======== Material supplied ========
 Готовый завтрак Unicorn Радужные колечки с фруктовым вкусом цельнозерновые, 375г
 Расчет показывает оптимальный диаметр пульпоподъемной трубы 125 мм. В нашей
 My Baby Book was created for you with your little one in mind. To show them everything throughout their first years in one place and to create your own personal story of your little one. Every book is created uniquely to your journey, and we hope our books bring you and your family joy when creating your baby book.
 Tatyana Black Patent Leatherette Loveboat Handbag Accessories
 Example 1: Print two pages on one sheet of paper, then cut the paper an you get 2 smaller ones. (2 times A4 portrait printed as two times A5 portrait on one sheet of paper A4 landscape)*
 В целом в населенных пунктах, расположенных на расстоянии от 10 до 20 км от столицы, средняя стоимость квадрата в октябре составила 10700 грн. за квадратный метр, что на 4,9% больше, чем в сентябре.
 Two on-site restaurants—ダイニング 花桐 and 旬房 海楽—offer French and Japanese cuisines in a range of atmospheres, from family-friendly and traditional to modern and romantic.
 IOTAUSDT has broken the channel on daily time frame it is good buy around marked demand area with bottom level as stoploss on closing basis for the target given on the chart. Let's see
========
======== Material supplied ========
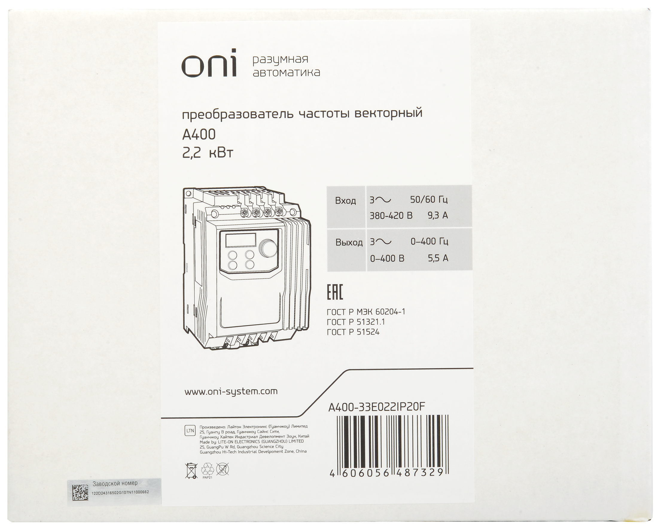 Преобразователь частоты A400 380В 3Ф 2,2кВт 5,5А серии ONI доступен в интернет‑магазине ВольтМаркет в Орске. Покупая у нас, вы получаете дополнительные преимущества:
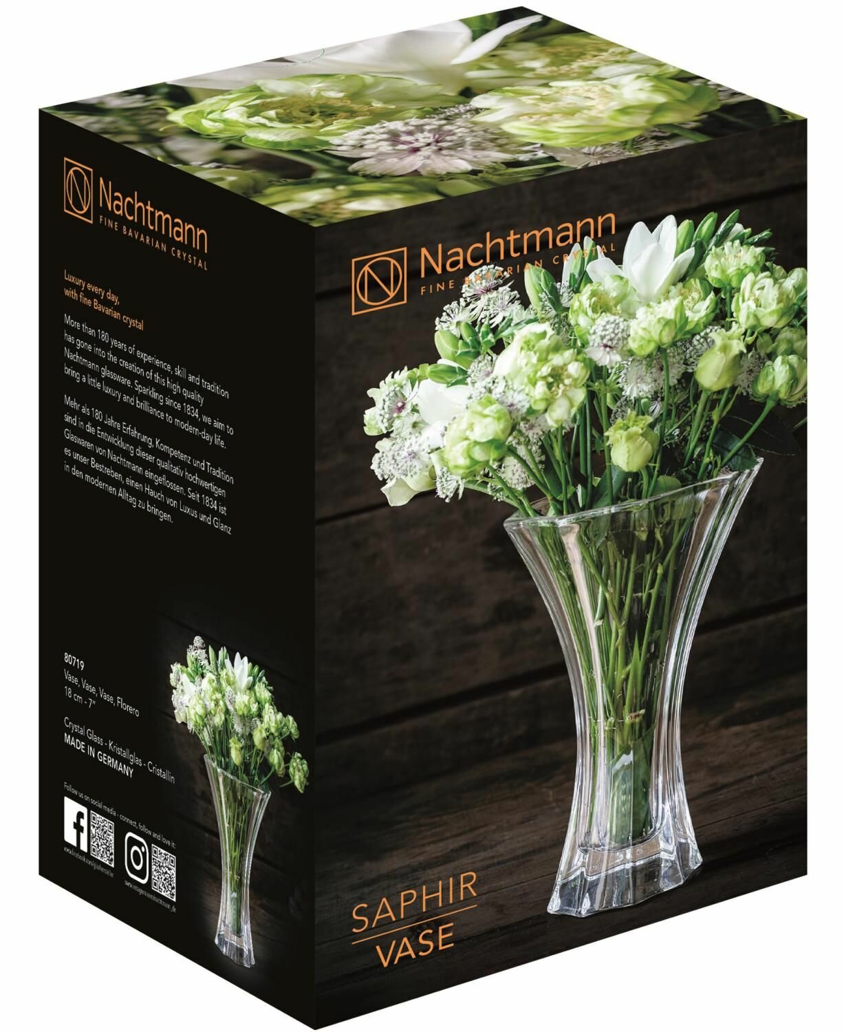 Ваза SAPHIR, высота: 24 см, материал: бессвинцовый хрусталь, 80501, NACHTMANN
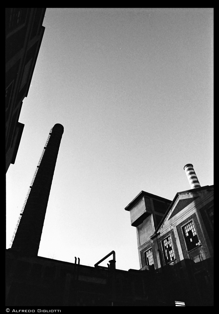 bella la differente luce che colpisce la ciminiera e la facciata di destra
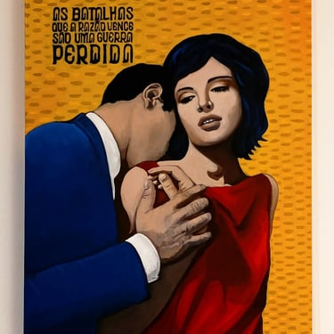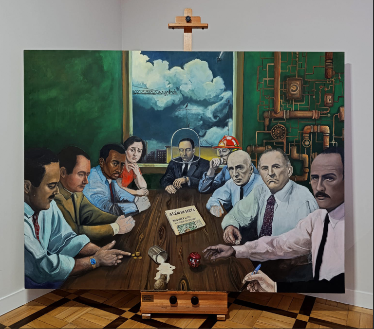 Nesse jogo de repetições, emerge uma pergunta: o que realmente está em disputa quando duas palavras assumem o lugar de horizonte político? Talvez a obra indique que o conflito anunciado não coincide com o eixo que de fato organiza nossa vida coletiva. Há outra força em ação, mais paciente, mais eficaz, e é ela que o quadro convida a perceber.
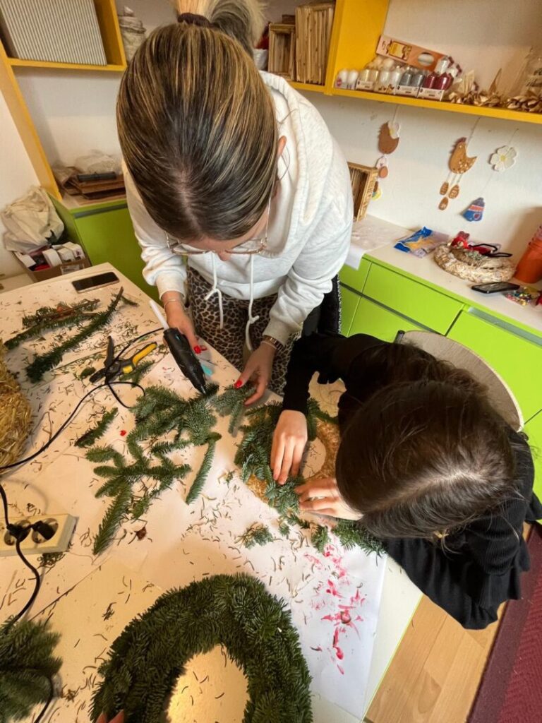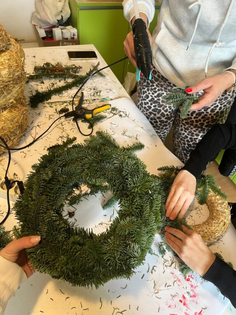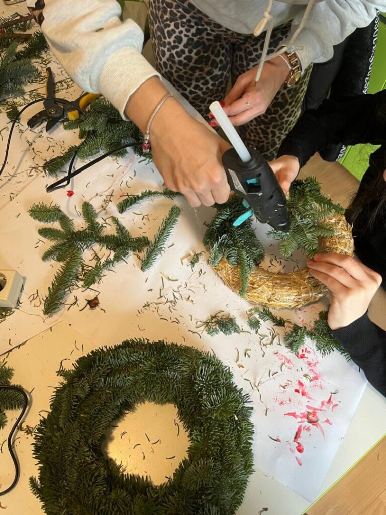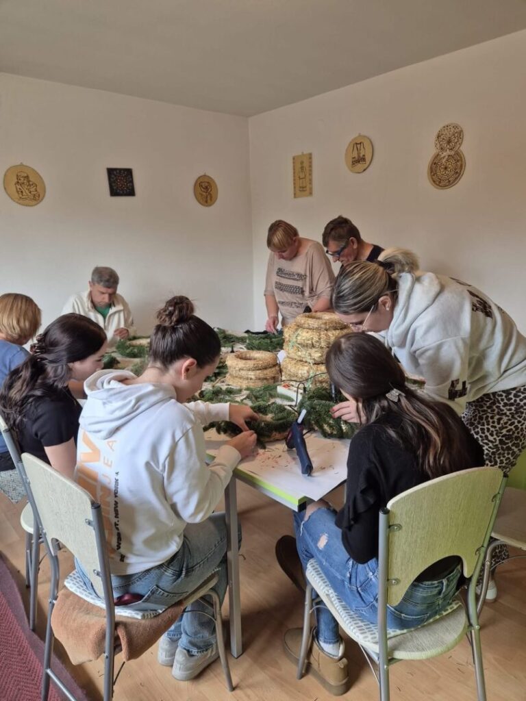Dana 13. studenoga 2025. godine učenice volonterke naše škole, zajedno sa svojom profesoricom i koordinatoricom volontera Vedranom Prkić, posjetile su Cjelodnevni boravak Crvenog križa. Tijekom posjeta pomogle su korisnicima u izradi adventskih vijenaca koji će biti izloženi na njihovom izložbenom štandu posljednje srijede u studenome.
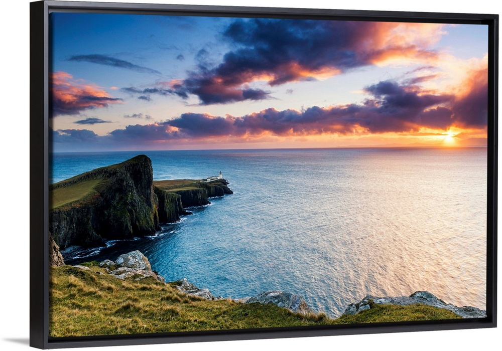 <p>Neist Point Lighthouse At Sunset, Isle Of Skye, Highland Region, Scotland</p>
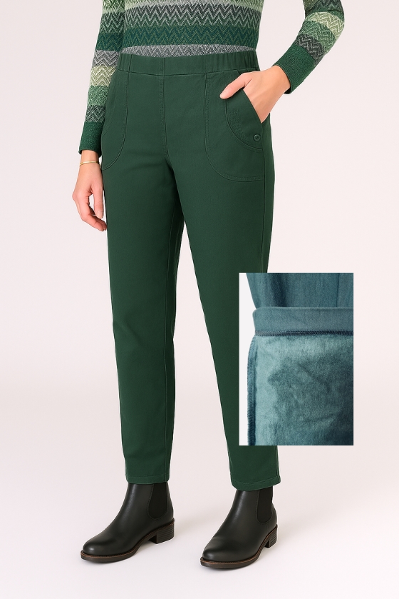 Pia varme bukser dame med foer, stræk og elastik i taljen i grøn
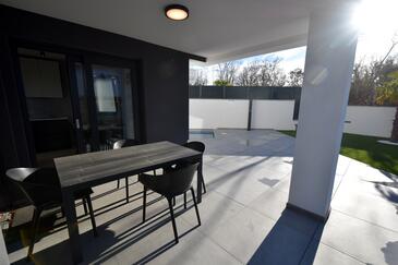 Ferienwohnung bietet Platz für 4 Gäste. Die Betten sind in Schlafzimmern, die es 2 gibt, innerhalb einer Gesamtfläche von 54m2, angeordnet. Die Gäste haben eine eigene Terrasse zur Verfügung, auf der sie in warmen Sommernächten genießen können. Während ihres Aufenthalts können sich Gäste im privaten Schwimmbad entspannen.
========
Directions for this task – In the listing above, transcribe exactly everything from the line containing "В целом в населенных" down to the line containing "IOTAUSDT has broken", including both and nothing more.

The completed task –
 В целом в населенных пунктах, расположенных на расстоянии от 10 до 20 км от столицы, средняя стоимость квадрата в октябре составила 10700 грн. за квадратный метр, что на 4,9% больше, чем в сентябре.
 Two on-site restaurants—ダイニング 花桐 and 旬房 海楽—offer French and Japanese cuisines in a range of atmospheres, from family-friendly and traditional to modern and romantic.
 IOTAUSDT has broken the channel on daily time frame it is good buy around marked demand area with bottom level as stoploss on closing basis for the target given on the chart. Let's see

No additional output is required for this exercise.